以蒙地卡羅方法量測線性分類器下資料之可驗證度

Abstract

可驗證度是以一種新的觀點討論機器學習，它代表一個未知的資料在最糟情況下被分類器預測錯誤的可能性。目前為止，尚沒有有效的方法去量測線性分類器的可驗證度，即使線性分類器算是相對簡單的模型，由於維度災難，量測其可驗證度依舊是個困難的目標；所以，我提出了數種蒙地卡羅方法去解決這個問題，並精準快速地量測資料的可驗證度。 本論文中，不同的方法針對不同的情境所設計，目標是為了滿足不同使用者的需求。最大精確與泛化邊界量測法可藉由找出版本空間的邊界，在低維度空間量測可驗證度；合成凸包量測法可在多項式時間內準確的量測可驗證度；局部性學習估計法即使在維度跟資料數量都很多的情況下，也可加快量測可驗證度的時間；同時，我亦根據實驗結果，提出一個決策流程，幫助使用者選出最好的方法，提昇這些方法的可應用性。實驗結果顯示，我的方法可以在高維度的空間中快速準確地量測可驗證度，這表示我的方法克服了維度災難並達成了量測可驗證度的目標。

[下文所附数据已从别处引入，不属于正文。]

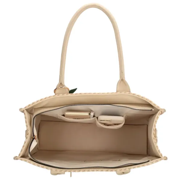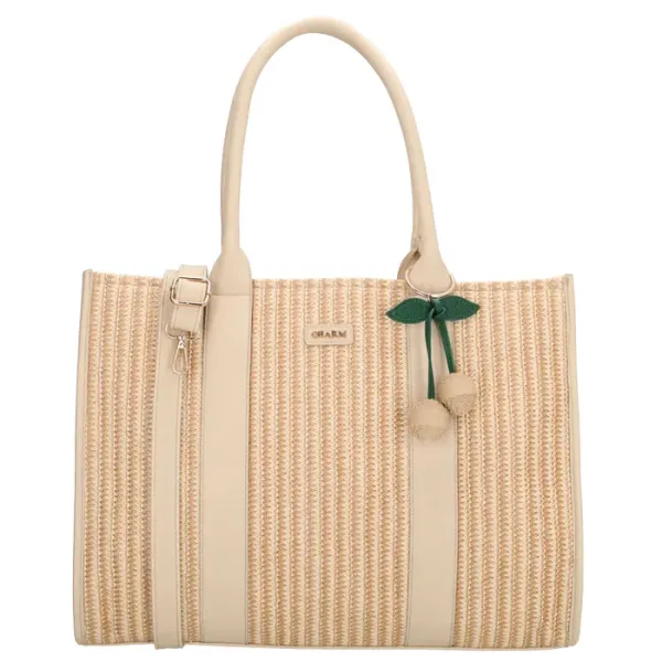 De Charm London Bermondsey Shopper is een ruime en praktische shopper met een stijlvolle riet look uitstraling. Dankzij het royale formaat is deze tas ideaal om al je dagelijkse spullen overzichtelijk mee te nemen. De shopper is geschikt voor diverse momenten zoals een dagje weg of onderweg naar werk of stad.
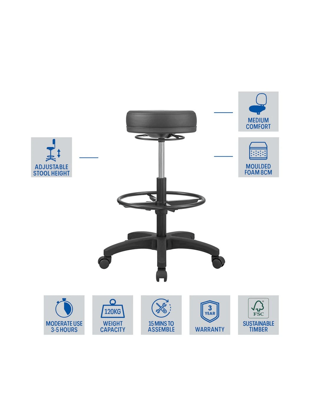 This Kasino Gas Lift Stool comes with 5 castor wheels which makes it easy to manoeuvre around for your convenience. It has gas lift functionality so you can alter the height and work at different levels during the day.

The verifiability, which represents the probability that an unknown instance is wrongly classified in the worst case, is a novel perspective of learning. Nevertheless, there is no effective way to measure the verifiability for linear separators. Even if the hypotheses are linear separators, measuring the verifiability is a challenging task due to the curse of dimensionality. Therefore, I propose several Monte Carlo methods to deal with the problem and aim to measure the verifiability accurately and efficiently. Different methods proposed in the thesis are designed for different situations and can meet various users' needs. Most specific and general boundaries measurement can measure the verifiability in the low-dimensional space by specifying the version space. Synthesized convex hull measurement has the ability to measure the verifiability accurately in polynomial time in terms of the dimensionality and the number of labeled instances. Estimated measurement by locality learning estimates the verifiability efficiently even if the dimensionality and number of labeled instances are large. A decision making process is also given to help users to select the most suitable method. It also increases the applicability of the methods in this thesis. Experiment results show that my methods obtain the verifiability correctly and quickly with some test cases in the high-dimensional space. It indicates that my methods have the ability to conquer the curse of dimensionality and measure the verifiability well.